• _Exercise directions_
Copy the lines below, word for word, from the first through the line containing "At room temperature". Leave the pictures out.

• _Raw data_
———
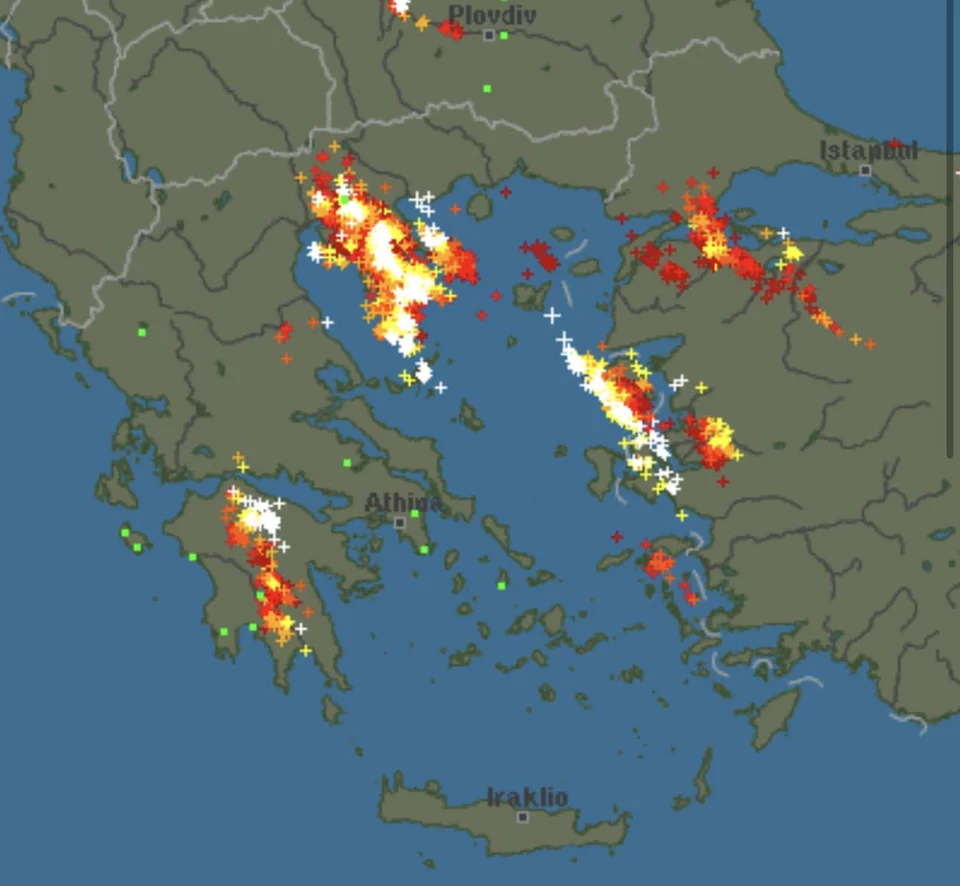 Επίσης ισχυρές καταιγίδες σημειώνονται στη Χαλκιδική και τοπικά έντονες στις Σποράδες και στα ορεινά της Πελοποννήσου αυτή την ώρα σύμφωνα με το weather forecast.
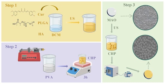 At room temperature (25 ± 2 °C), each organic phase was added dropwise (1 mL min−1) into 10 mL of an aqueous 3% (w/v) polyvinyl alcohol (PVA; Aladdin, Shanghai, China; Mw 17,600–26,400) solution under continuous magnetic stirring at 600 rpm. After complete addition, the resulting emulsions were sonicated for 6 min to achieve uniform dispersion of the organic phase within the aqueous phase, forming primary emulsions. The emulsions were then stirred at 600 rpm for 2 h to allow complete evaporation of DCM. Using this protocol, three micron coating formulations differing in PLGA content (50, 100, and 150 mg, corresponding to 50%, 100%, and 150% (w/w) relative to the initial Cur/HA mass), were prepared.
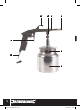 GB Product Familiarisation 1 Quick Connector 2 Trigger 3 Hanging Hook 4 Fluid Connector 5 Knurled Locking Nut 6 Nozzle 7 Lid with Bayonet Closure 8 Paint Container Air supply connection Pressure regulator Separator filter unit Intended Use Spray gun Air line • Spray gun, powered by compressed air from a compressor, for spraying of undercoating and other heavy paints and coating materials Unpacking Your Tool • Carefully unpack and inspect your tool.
———
• _Response below_
 Επίσης ισχυρές καταιγίδες σημειώνονται στη Χαλκιδική και τοπικά έντονες στις Σποράδες και στα ορεινά της Πελοποννήσου αυτή την ώρα σύμφωνα με το weather forecast.
 At room temperature (25 ± 2 °C), each organic phase was added dropwise (1 mL min−1) into 10 mL of an aqueous 3% (w/v) polyvinyl alcohol (PVA; Aladdin, Shanghai, China; Mw 17,600–26,400) solution under continuous magnetic stirring at 600 rpm. After complete addition, the resulting emulsions were sonicated for 6 min to achieve uniform dispersion of the organic phase within the aqueous phase, forming primary emulsions. The emulsions were then stirred at 600 rpm for 2 h to allow complete evaporation of DCM. Using this protocol, three micron coating formulations differing in PLGA content (50, 100, and 150 mg, corresponding to 50%, 100%, and 150% (w/w) relative to the initial Cur/HA mass), were prepared.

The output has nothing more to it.